Lesson 6: Anything other than "formative assessment" is probably pointless. And when it comes to assessment, less is more.

This one is probably presenting some of the toughest challenges for both teachers and students. I'm not a big fan of edu-speak (and there's a lot of it), but the term "formative assessment" makes plenty of sense. Basically, it's the idea that any type of "testing" mechanism should itself be a learning experience, not merely a mechanism to quantify acquired knowledge. In most cases, that means it should involve generative pursuit--creating something--not just reporting knowledge.

Now, any sophisticated discussion of formative assessment has to include the acknowledgement that quantitative, objective assessment does have value. It's not a simple binary, e.g., "multiple choice bad / Socratic discussion good." But the truth is, under these circumstances, there is an even more pronounced set of arguments for de-prioritizing objective testing. First off, from a purely cynical standpoint, we have to acknowledge that there is practically no way to ensure the integrity of almost any objective quizzing or testing.

But that cynical (practical?) thinking isn't the primary reason why we should prioritize formative assessment right now. The more important one is that with the limited interaction we will be afforded with students, we should be doing everything in our power to discuss, talk about, and use the course material. We should invite and challenge them to make something, not report on something.

And lest teachers fear that this will simply result in zero accountability or meaningless grades (and thus eroding incentives for learning), I have found the opposite to be true. So long as meaningful assessment exists, and so long as students are held to accountability through reasonable measures, grades still matter enough to matter. The beautiful thing is, though, I've seen the anxiety over grades fall to record-low levels. All while the kind of class discussions we're having leave me with no doubt that they're doing meaningful thinking about the course content.

What does all this mean for the coming school year?

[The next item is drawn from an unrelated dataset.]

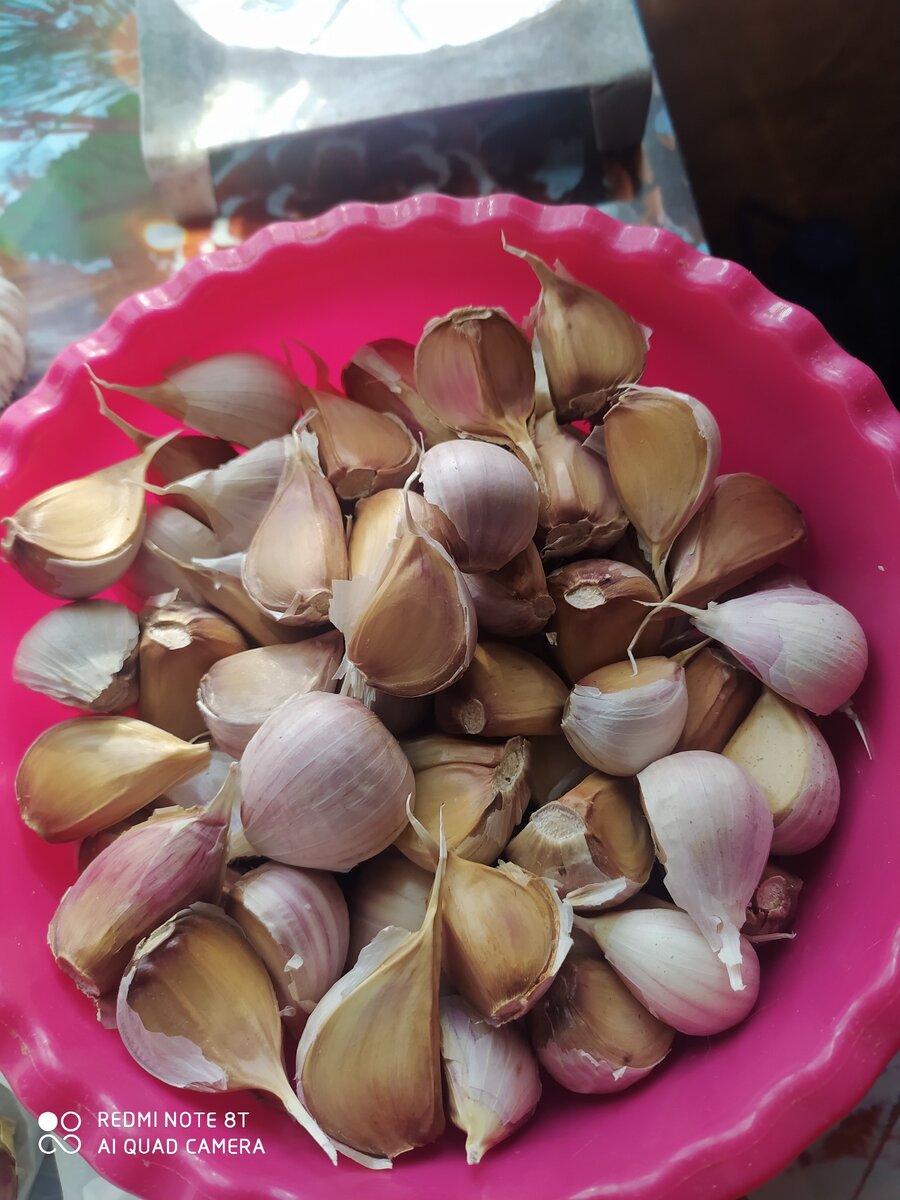 при выборе посадочного материала берутся самые крупные зубчики, не имеющие внешних повреждений, что служит гарантией крупных здоровых плодов. Необходимо отобрать только крупные, здоровые, без малейших признаков повреждения зубья, что позволит прорасти крупной чесночной луковице. Для защиты от возможного развития патогенной флоры, семена на 20-30 мин замачивают в комплексном растворе фунгицидов или жидкости со слабой концентрацией марганцовокислого калия.

More than likely, when school does return to physical buildings, we'll need to deal with some lingering form of the restrictions imposed by distance learning. Even if it's not as extreme as what we're facing now, there's a good chance that we'll need to embrace these kinds of lessons to create a meaningful and effective educational experience.

I predict we'll be looking at smaller groups, less-frequent course gatherings, the need for even more meaningful formative assessment, and a strong desire for discussion and interaction to counterbalance what will have been a long interlude of disconnection.